Our Carl Zeiss microscope is equipped with the Zeiss Axiocam 702 fluorescence high-definition camera, capable of recording at speeds up to 128 frames per second. Controlled by the Zeiss Zen II software, it captures and quantifies rapid changes in biological or experimental target concentrations and distributions. Additionally, the combination of sensitive hardware, optics, and software generates detailed videos of microvascular dynamics.
Fluorescence microscopy is also beneficial for tracking nano- and microparticle movement within and between biological compartments. By quantifying changes in perivascular fluorescence, it is possible to determine nano-therapeutic circulatory retention rates and extravasative properties. Fluorescent particles can also be used to measure blood flow, endothelial function, glycocalyx integrity, and more.
Phosphorescence Quenching
Phosphorescence quenching is an established technique for the non-invasive measurement of oxygen in biological systems. Precision optics, tissue-diffusible probes, and barrier films allow for robust sampling of in vitro, ex vivo, and in vivo preparations with single or multiple channels. When combined with our advanced Carl Zeiss microscopy platform, real-time monitoring of oxygen delivery (DO2) dynamics in physiologically intact and living preparations becomes possible with high resolution.
The measurement of oxygen, which is reported in mmHg as partial pressure (PO2), is facilitated by a diffusible palladium porphyrin phosphorescence probe. Bound to albumin, it remains confined to tissue, vascular, and organ compartments. In vivo, exposed preparations are treated topically to report the PO2 outside the blood vessels, or an intravascular infusion can report blood PO2 from any perfused location. Measurement sites are covered with a transparent, oxygen-impermeable membrane to prevent desiccation and atmospheric oxygen contamination.
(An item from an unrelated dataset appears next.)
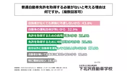 調査の最後、普通自動車免許を持っておらず、今後取得する予定もないと回答された方に「普通自動車免許を取得する必要がないと考える理由」を尋ねる設問の回答で多かったのは、1位が「自動車がなくても移動に不便しないから」で43.8%、2位が「自動車の運転自体が怖いから」で32.9%、3位が「免許を取得するための費用が高いから」で21.9%という結果になりました。この結果から「自動車がなくても移動に不便しないこと」が普通自動車免許を取得しない最大の理由であることが明らかになりました。

Our Carl Zeiss microscope is equipped with high numerical aperture objectives, a monochromatic excitation laser, an ultra-sensitive Hamamatsu photomultiplier tube, and customized signal conditioning to provide superior signal quality and clarity. Site localization and sampling are conducted with micrometer precision, enabling the determination of oxygen gradients across capillaries and individual muscle fibers. Data collection and digitization are handled by a National Instruments data acquisition (DAQ) system capable of processing two million data points per second. When the probe diffuses into the interstitium and is combined with topical pneumatic compression to halt blood flow, PQM facilitates accurate measurements of oxygen consumption (VO2) with exceptional temporal and spatial resolution.
This technology uses high-sensitivity signal processing from PQM with fiber optic leads for multi-site measurements in larger animals. The phosphorescence probe can be diffused into interstitial fluid and injected intravascularly, making all accessible tissues and organs measurable. The fiber optic leads are then placed near the target tissue or organ, which, if exposed surgically, is protected from atmospheric contamination by an oxygen-impermeable film. Measurements have a one-millimeter resolution at 10Hz. Multiple tissues and organs can be measured simultaneously to observe localized systemic responses to experimental interventions.